Work instruction:
Quote from the first line below through the line that contains "Vidal al Bayern", both included, and leave the pictures out.

Dataset excerpt:
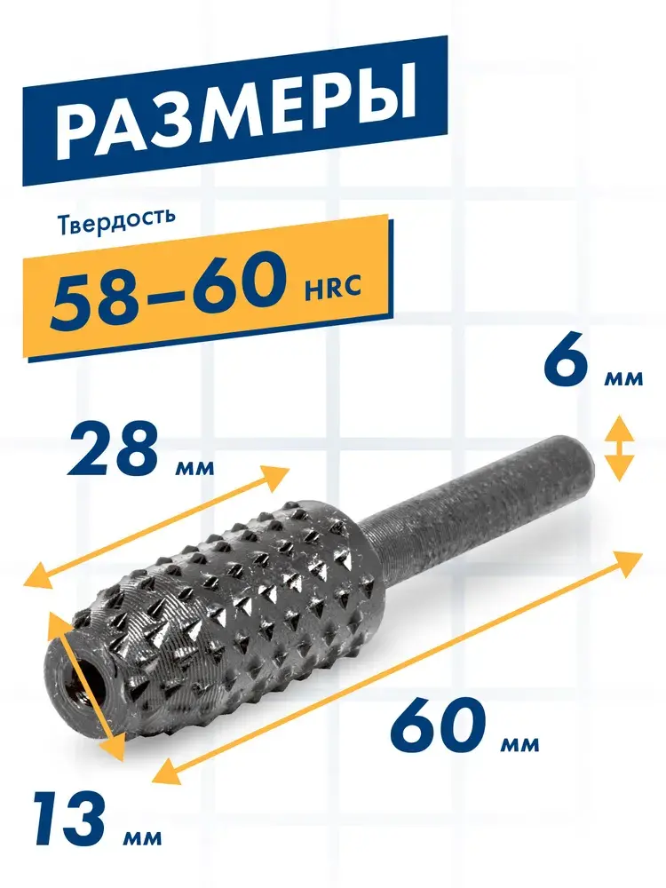 Шарошка по дереву ПРАКТИКА отличается высокой прочностью благодаря стальной конструкции и особой конусной усеченной форме диаметром 13 мм и общей длиной 28 мм. Подходит для ручного и электрического инструмента с посадочным местом 6 мм. Удобна для обработки сложных поверхностей и фигурного вырезания. Материал подходит любой – от мягких пород дерева до твердых заготовок. Хвостовик надежно фиксируется, обеспечивая стабильную работу без биения. Пакетная упаковка обеспечивает сохранность изделия при транспортировке и хранении.
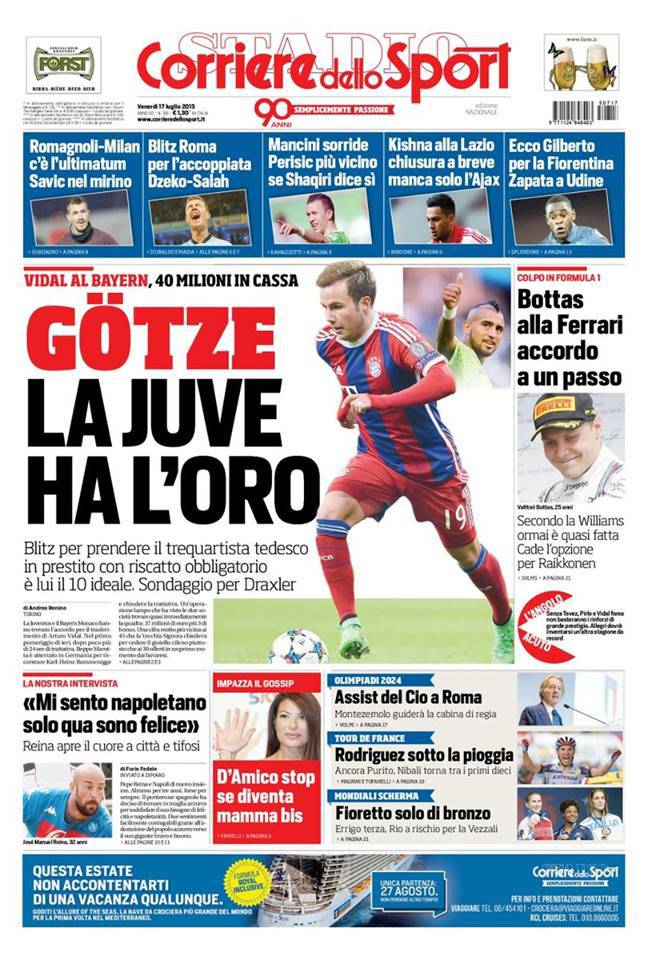 Vidal al Bayern Monaco per 40 milioni. Blitz per prendere il trequartista tedesco in prestito con riscatto obbligatorio. Sondaggio per Draxler. Romagnoli-Milan, c’è l’ultimatum. Savic nel mirino. Blitz Roma per l’accoppiata Dzeko-Salah. Mancini sorride: Perisic più vicino se Shaqiri dice sì. Kishna alla Lazio, chiusura a breve. Ecco Gilberto per la Fiorentina.
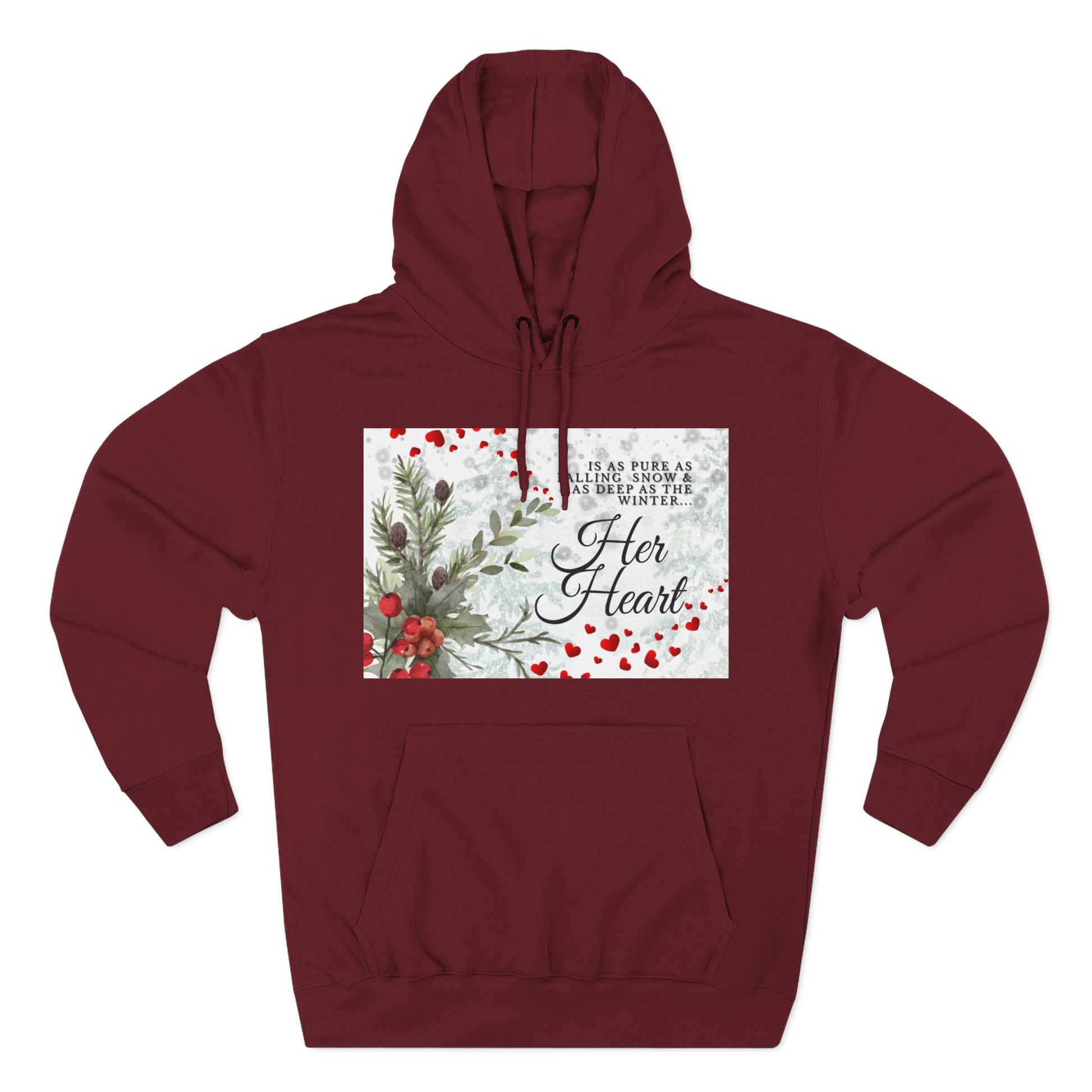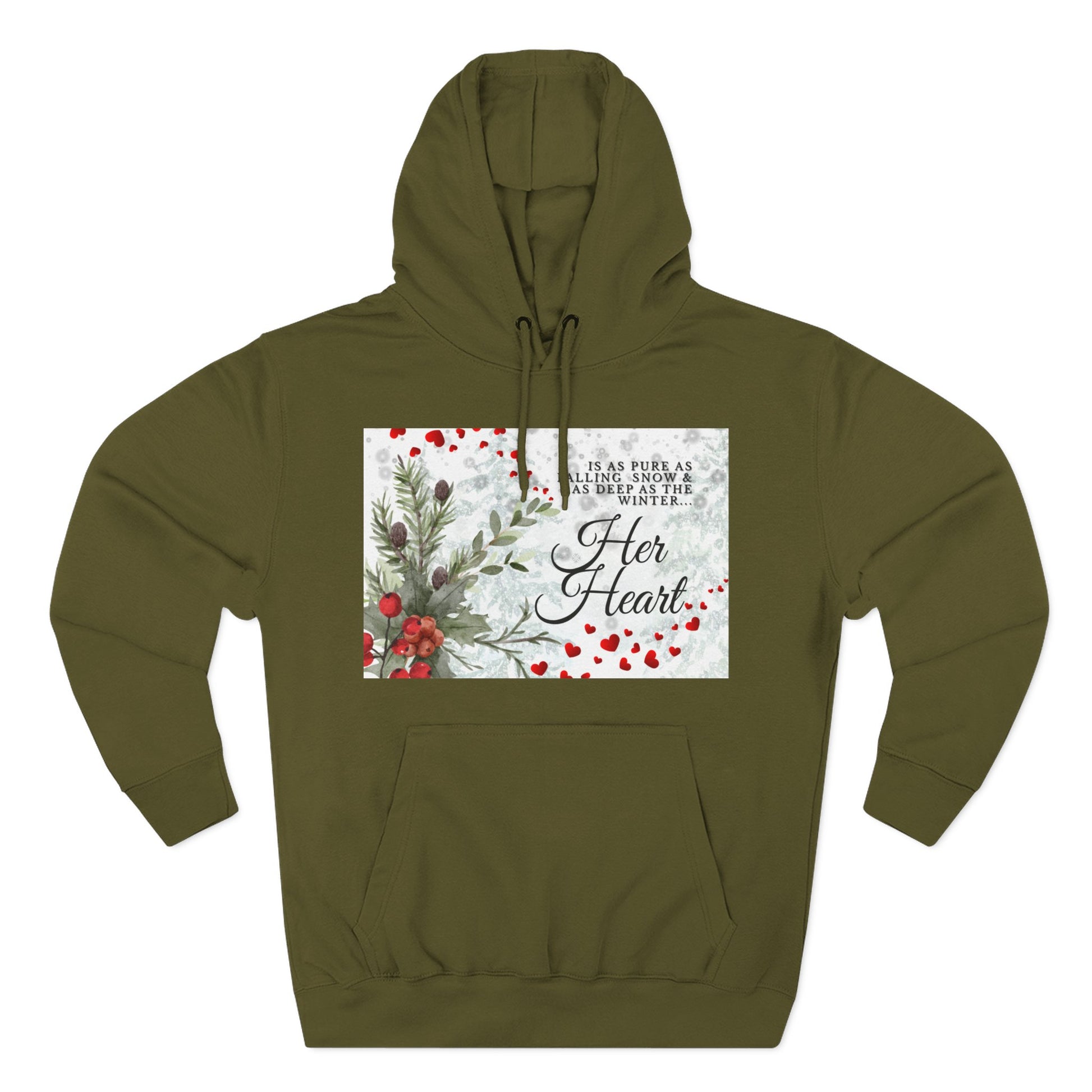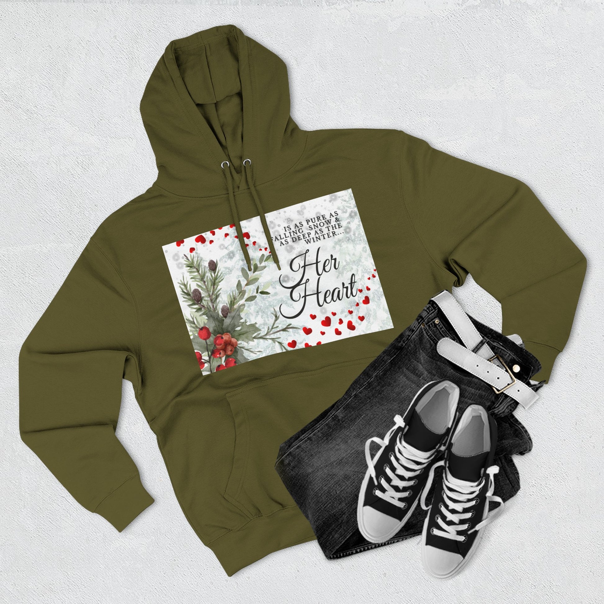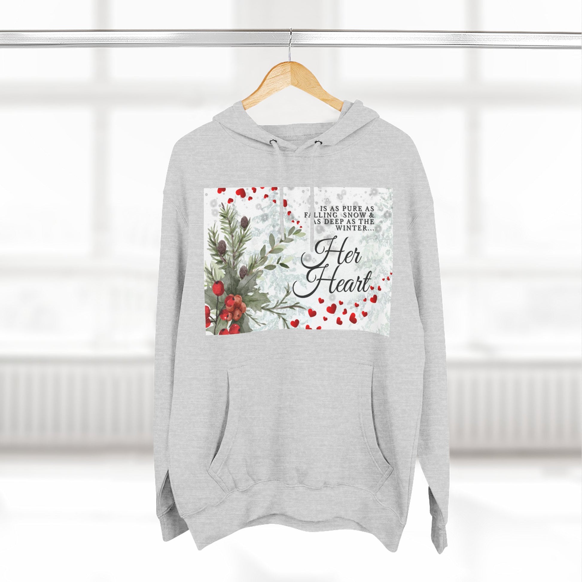 Her Heart Winter Hoodie wraps quiet strength in a soft, close-to-skin warmth. This hoodie feels like a slow exhale on a frost-bright morning — steady, intimate, and quietly brave. The roomy kangaroo pocket is a place to tuck chilled hands or a crumpled note; the adjustable hood forms a gentle shelter when the wind presses in. Embroidered details sit low and deliberate on the chest, a small emblem of resilience that reads like a private affirmation rather than a shout. It layers easily under a coat for woods-side walks and stands alone for cottage evenings by the window. For anyone who carries courage in subtle gestures, this hoodie becomes part of how they move through the season: warm, composed, and quietly present.

Result:
 Шарошка по дереву ПРАКТИКА отличается высокой прочностью благодаря стальной конструкции и особой конусной усеченной форме диаметром 13 мм и общей длиной 28 мм. Подходит для ручного и электрического инструмента с посадочным местом 6 мм. Удобна для обработки сложных поверхностей и фигурного вырезания. Материал подходит любой – от мягких пород дерева до твердых заготовок. Хвостовик надежно фиксируется, обеспечивая стабильную работу без биения. Пакетная упаковка обеспечивает сохранность изделия при транспортировке и хранении.
 Vidal al Bayern Monaco per 40 milioni. Blitz per prendere il trequartista tedesco in prestito con riscatto obbligatorio. Sondaggio per Draxler. Romagnoli-Milan, c’è l’ultimatum. Savic nel mirino. Blitz Roma per l’accoppiata Dzeko-Salah. Mancini sorride: Perisic più vicino se Shaqiri dice sì. Kishna alla Lazio, chiusura a breve. Ecco Gilberto per la Fiorentina.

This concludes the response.